Data extract
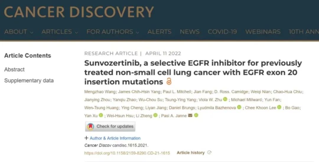 近日,我国自主研发的、靶向EGFR 20号外显子插入突变的“Ⅰ类新药”--舒沃替尼研究成果,被肿瘤领域SCI影响因子全球前十大国际顶尖期刊Cancer Discovery(IF 39.397)收录!
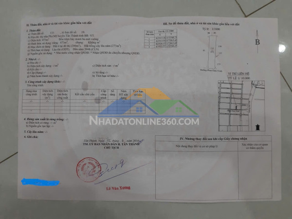 CHÍNH CHỦ CẦN BÁN MINI HOTEL Tại Trung Tâm Phú Mỹ, Bà Rịa Vũng TàuMini Hotel (tên cũ “Nhà Nghỉ Xanh”) số nhà 38 – Phan Châu Trinh, khu 2, tổ 4, Ngọc Hà, Phường Phú Mỹ, tp.HCM (trước đây là thị xã Phú Mỹ, tinh Bà Rịa - Vũng Tàu)*Tổng diện tích: 473 m2, Chiều sâu đất 46,3 m. diện tích thực đo 490 m2* Giá bán: 20 tỷ VND, còn thương lượng
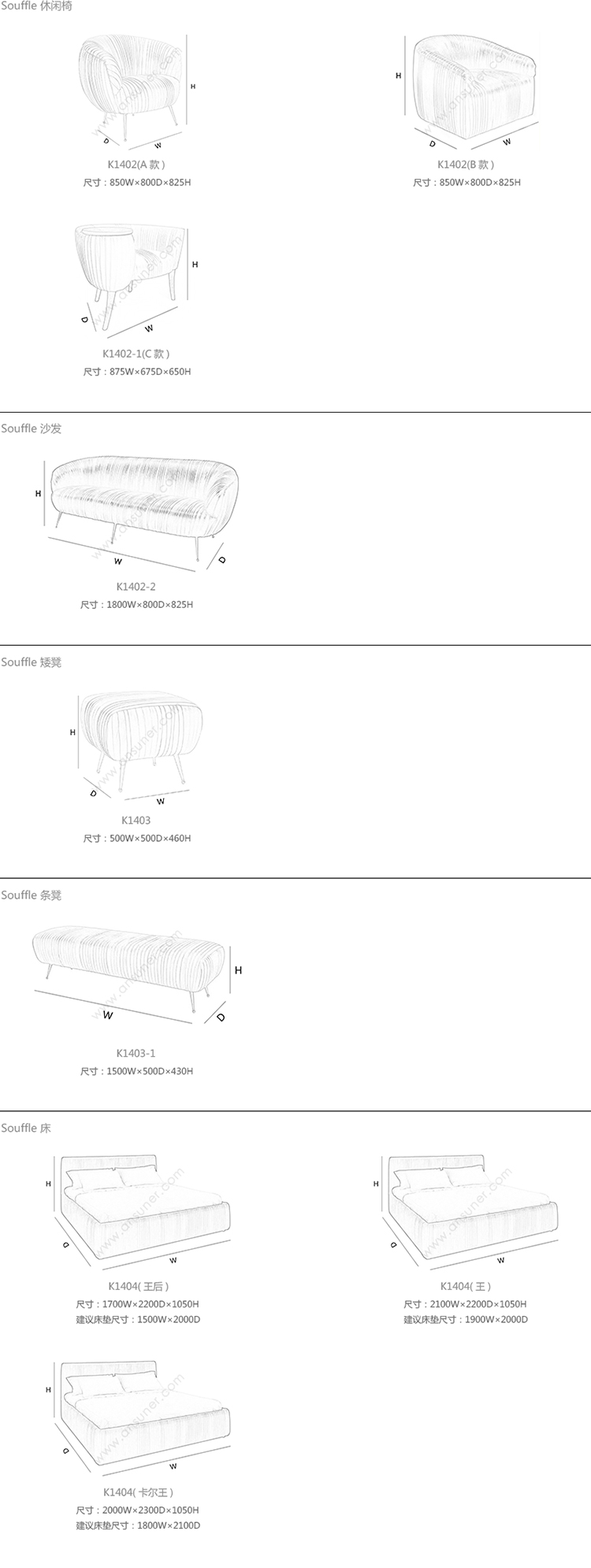 Souffle 休闲椅 系列尺寸/示意图

Problem to solve
With the images omitted, repeat all the data word for word.

Response to this task
 近日,我国自主研发的、靶向EGFR 20号外显子插入突变的“Ⅰ类新药”--舒沃替尼研究成果,被肿瘤领域SCI影响因子全球前十大国际顶尖期刊Cancer Discovery(IF 39.397)收录!
 CHÍNH CHỦ CẦN BÁN MINI HOTEL Tại Trung Tâm Phú Mỹ, Bà Rịa Vũng TàuMini Hotel (tên cũ “Nhà Nghỉ Xanh”) số nhà 38 – Phan Châu Trinh, khu 2, tổ 4, Ngọc Hà, Phường Phú Mỹ, tp.HCM (trước đây là thị xã Phú Mỹ, tinh Bà Rịa - Vũng Tàu)*Tổng diện tích: 473 m2, Chiều sâu đất 46,3 m. diện tích thực đo 490 m2* Giá bán: 20 tỷ VND, còn thương lượng
 Souffle 休闲椅 系列尺寸/示意图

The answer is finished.